Frequently Asked Questions
Is Travo free to use?
Yes. The Starter plan is completely free and includes the live API status dashboard, basic history, and one personal stack. No credit card required.
Do I need to install anything?
No. Travo is entirely browser-based. You sign up, configure your stack, and monitoring starts immediately.
How often are APIs checked?
All APIs are checked once per minute, staggered across the 60-second window so checks are distributed evenly.
How long is data retained?
Raw metrics are retained for 14 days. This applies to all plans and gives teams enough history to investigate recurring incidents.

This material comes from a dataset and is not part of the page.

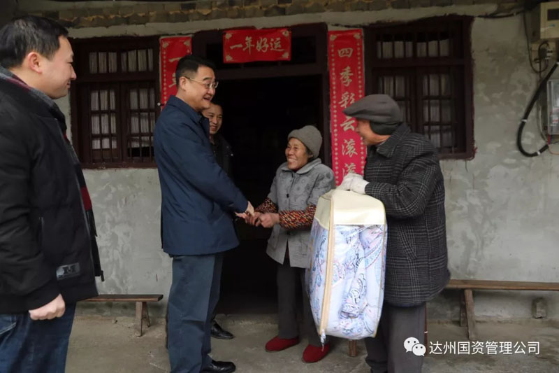 2月2日、3日,達州市國資經(jīng)營公司黨員干部在黨支部書記、總經(jīng)理鄧華和黨支部副書記、副總經(jīng)理謝盛強分別帶領(lǐng)下深入對口幫扶村經(jīng)開區(qū)斌郎鄉(xiāng)何家村開展“十九大精神進院壩,情暖民心共話脫貧”院壩懇談會和“迎新春,送溫暖”慰問活動,現(xiàn)場聽取貧困戶幫扶需求和愿望,共謀2018年幫扶舉措,受到干群熱烈歡迎。

What APIs does Travo monitor?
Travo monitors 69+ APIs across 14 categories: Communication, Search, Analytics, AI, Auth, Cloud, Media, Payments, Database, Monitoring, DevTools, Productivity, Maps, Commerce. The list is continuously growing.
Can I monitor private GitHub repositories?
Yes. Sign in with GitHub and grant repository access during the OAuth flow. You can choose public-only or public + private access. Travo uses your GitHub token to read dependency files from private repos — it never stores your code.
How is this different from vendor status pages?
Vendor status pages are self-reported and often updated with delay or understate the severity of incidents. Travo runs independent synthetic checks from the outside, so you see what your users actually experience.